To be clear, there are huge advantages for the growers to cooperate as well, although it also brings another level of challenges. It is not a prerequisite to the OP's question; however demand volume is (well, synchronous demand volume is).

As I was driving back from the mtns today, I was looking for non-confidential examples that would be useful in helping illustrate the idea. Domori, Valhrona, Amedei, etc all are able to secure appropriate quality cocoa and keep their suppliers happy. How do you think that's done? In addition to working closely with them to maximize quality (ie minimize the defect stream), there's a captive volume at a mutually beneficial price. This approach could run into a number of potential issues - ie most chocolate mfrs don't know step 1 about cocoa quality or maximizing it; if they do have something they think is unique, there's likely to be a protectionist approach to guard their secret; there's a tendency to similarly guard your supply chain for fear of someone else 'stealing' your flavor.

Consolidating your purchasing power will require that these hurdles be cleared. A very frank assessment of which is more important will be needed.

Edwin D.
@edwin-d
08/21/11 12:36:39PM
4 posts
Thomas Forbes
@thomas-forbes
08/21/11 12:56:33PM
102 posts
I would enjoy talking more on this topic. My experience is also in the Dominican Republic and my in-laws are also members of a cooperative where they sell their wet or dry beans.
Sebastian
@sebastian
08/21/11 03:59:44PM
754 posts
I think you will find most resistance in the DR coming from a single large entity, who also has deep ties to banking and shipping. Overcome that, consolidate a large enough purchasing base, and teach the farmers how to ferment (and dry...) appropriate to that purchasing base, and i think you've got upside there.
Joseph Meza
@joseph-meza
08/22/11 07:28:16AM
7 posts

I am glad that there is good interest in this topic. My mail motivation for posting this was to try to come up with some solutions, mainly to the problem of the farmers not having more choices for selling their product, but also to find solutions for all the small chocolate makers that are beginning to appear everywhere.

Good quality cacao is hard to come by. Good post harvest practices are almost nonexistent in this part of Ecuador. Educating the farmers is key. The good thing is that they are willing to do whatever it takes to improve their product, as long as they are being compensated for doing so. The other good thing that is happening, at least in the US, is that customers realize that good quality has a premium price and they are willing to pay for it. Also I have noticed that my customers in the US care deeply about the farmers and that they get fair, or even generous compensation.
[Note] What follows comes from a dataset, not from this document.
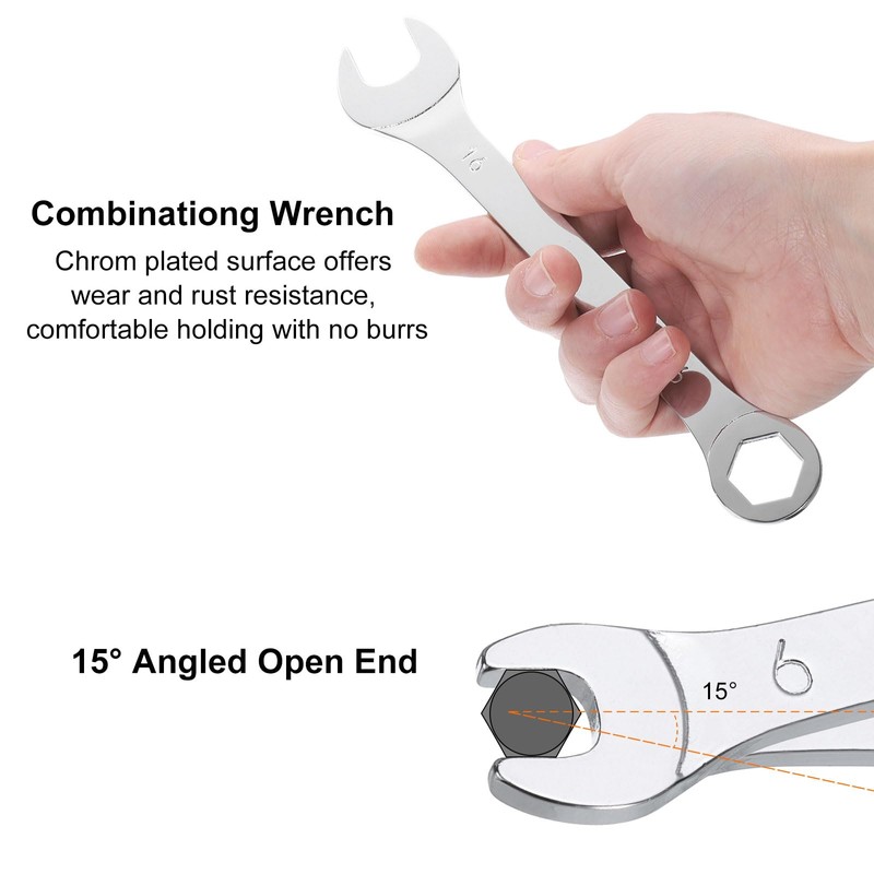 4. 15° Angled Open End: Provide you with an extra working swing arc when working in a narrow space, and can be flipped over for each rotation so that the fastener engages twice.

As a businessman, I also know that for me to support my employees and myself, I have to make a profit. So, customers have to be happy with the product that we provide, employees have to be happy with their work, suppliers have to be happy with their compensation. And we have to be happy with our compensation. A win, win, win, and win for all of us.
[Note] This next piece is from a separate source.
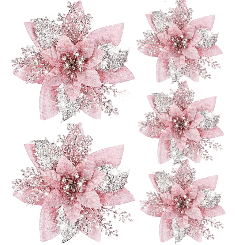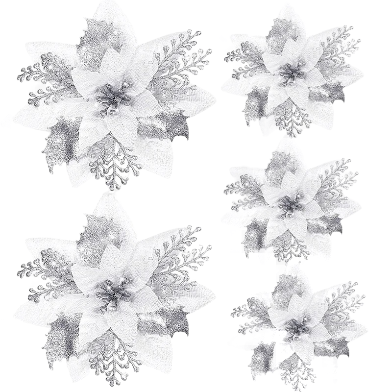 Χριστουγεννιάτικη λουλουδάτη διακόσμηση 5 τεμ

The beginning of the solutions has been expressed by your posts:

Sebastian said A solution for those interested in long term supplies of high quality beans is to invest in the farms and take an active role in its operations. Any takers?

Brian Horsley said as Jim says, the only way to have growers interested in growing fine cacao, organic cacao, fermenting and drying, or doing anything other than low quality high volume, is to make it more profitable for them by paying a premium price for beans. And the only way to do that is to have a high end market to sell the higher priced beans to

Clay Gordon states Sebastian brings up a very interesting point, which is that maybe it makes more sense for small chocolate makers to get together into a PURCHASING co-op rather than forcing the growers to organize. By doing so, the purchasing co-op drives larger volume purchases, which can start driving the critical mass of volume necessary to move away from commodity market pricing to specialty market quality, and the higher prices quality can command.
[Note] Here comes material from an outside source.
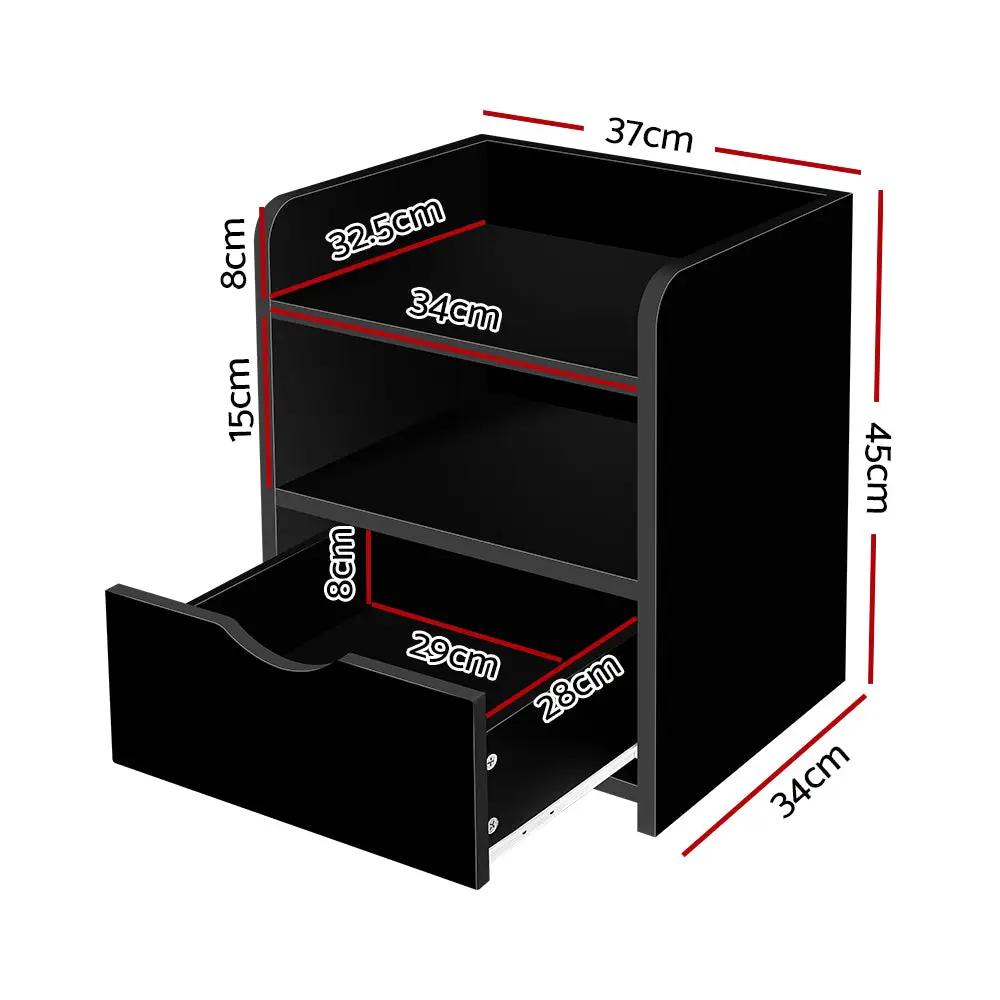 Artiss Bedside Table 1 Drawer with Shelf - FARA Black

I would like to hear from some of the small or new chocolate makers and get their opinions.

Thomas Forbes
@thomas-forbes
08/22/11 02:38:35PM
102 posts

This summer Dominican cacao farmers are earning US$145 for a 100 lbs. (quintal) of dried Sanchez beans. They earn about US$158 for fermented, Hispanola. I paid $190 for a quintal of dried Hispanola beans from a cooperative to make into paste. The tree type seems to be of little importance because the price is the same. What is a fair price for the farmer for premium beans? People in the campo tell me a tarea (X 6 to get an acre) produces from 1up to 3 quintales. Medium sized farms are usually between 300 and 1000 tareas and rarely their only source of income. Small parcels can be any size and many times managed by others due to the owners lives outside the country. So someone with 300 tareas (50 acres) of cacao probably has at least US$500,000 worth of land, and at least $45,000 in revenues a year and maybe $30,000 in cacao profits if it is Sanchez. You raise you revenues $4,000 minus additional costs by fermenting. Those of you who know more, please adjust or add to anything I have posted.

Few farmers have fermentation boxes and when they do ferment, it is with plastic tarps. In recent years, cooperatives and the larger buyers are purchasing the beans wet from the farmer and they do the fermentation. Not sure about how they price it.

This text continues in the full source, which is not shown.